GDPR: Delete user data from buckets (along pipeline)

Hi,

we are currently facing the following issue. We want to enable personalized tracking in our project that means that we will store a userId in our tracking data, of course, only if that user has given us explicit consent to do so. In order to be GDPR compliant we need to guarantee the following two things:

  1. takeout (The user can get the data we have collected about him or her.
  2. deletion (Delete all the data that is associated with this specific userId)

to 1.) This should be straight-forward in Redshift.
to 2.) This should also be straight-forward in Redshift (see. GDPR: Deleting customer data from Redshift [tutorial]) However, we are storing this userId in the raw data along the pipeline and deleting data from Redshift does not seem to be enough because the user data could be easily restored from the raw data.

Before the data is loaded into Redshift it passes the following buckets:
loader-target-bucket → enriched-bucket → shredded-bucket
(The first is the target bucket for the s3 loader, the last two are used in the shredding process).

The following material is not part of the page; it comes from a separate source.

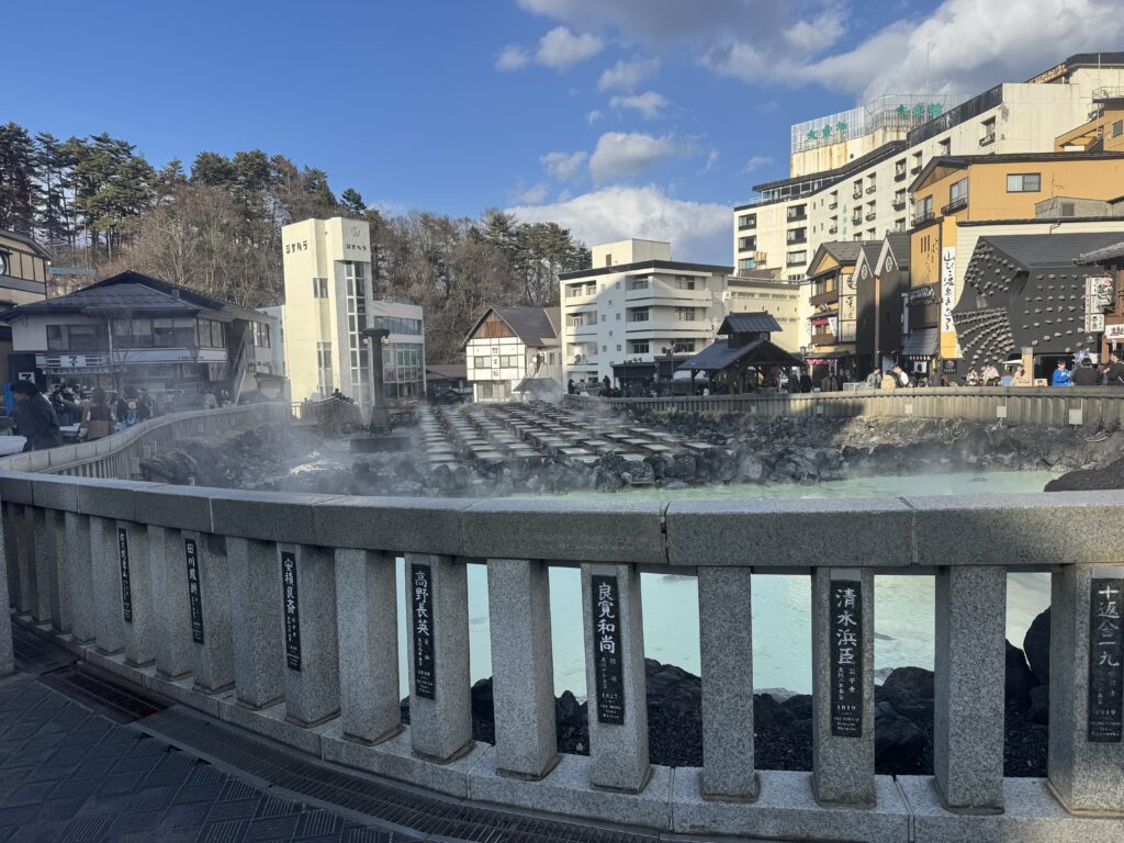 草津は久しぶりの訪問。前回は30年ほど前にスキーで行った時だと思うのですけれども、前回はとても静かな街並みだったのですが、今では多くの若い観光客で賑わっていました。夕方だと言うのに、湯揉みショーは長蛇の列。聞けば土日はこの比ではないほど混んでいるのだとか。私が若い頃は温泉なんて…などと思っていたのですが今は本当に時代が変わったのだなと思った次第です。帰りがけに見かけたJRバスも多くの若者で席がほとんど埋まっていたように見えました。

Currently we want to keep the enriched-bucket as a single point of truth regarding our raw data. Data from the other buckets (loader and shredded) could easily be removed anyway.

Is there an efficient way to crawl through that bucket and delete files based on a userId? Over time with a rapidly increasing amount of data this will become a terribly time-consuming and inefficient procedure. Is someone else facing a similar issue?

Hi @mgloel,

So it wouldn’t be a matter of deleting individual files, rather deleting individual rows within files. This is indeed a fairly expensive process from an efficiency standpoint - unfortunately that constraint isn’t really avoidable. In my own opinion the best way to work with that limitation is to attempt to limit how often the job needs to be run insofar as you can tolerate within the law/your policy. (I am quite unfamiliar with the specifics of the laws/regulations here and obviously can’t make any specific recommendations - however I assume there’s some tolerance for performing this task in a way that is practicable).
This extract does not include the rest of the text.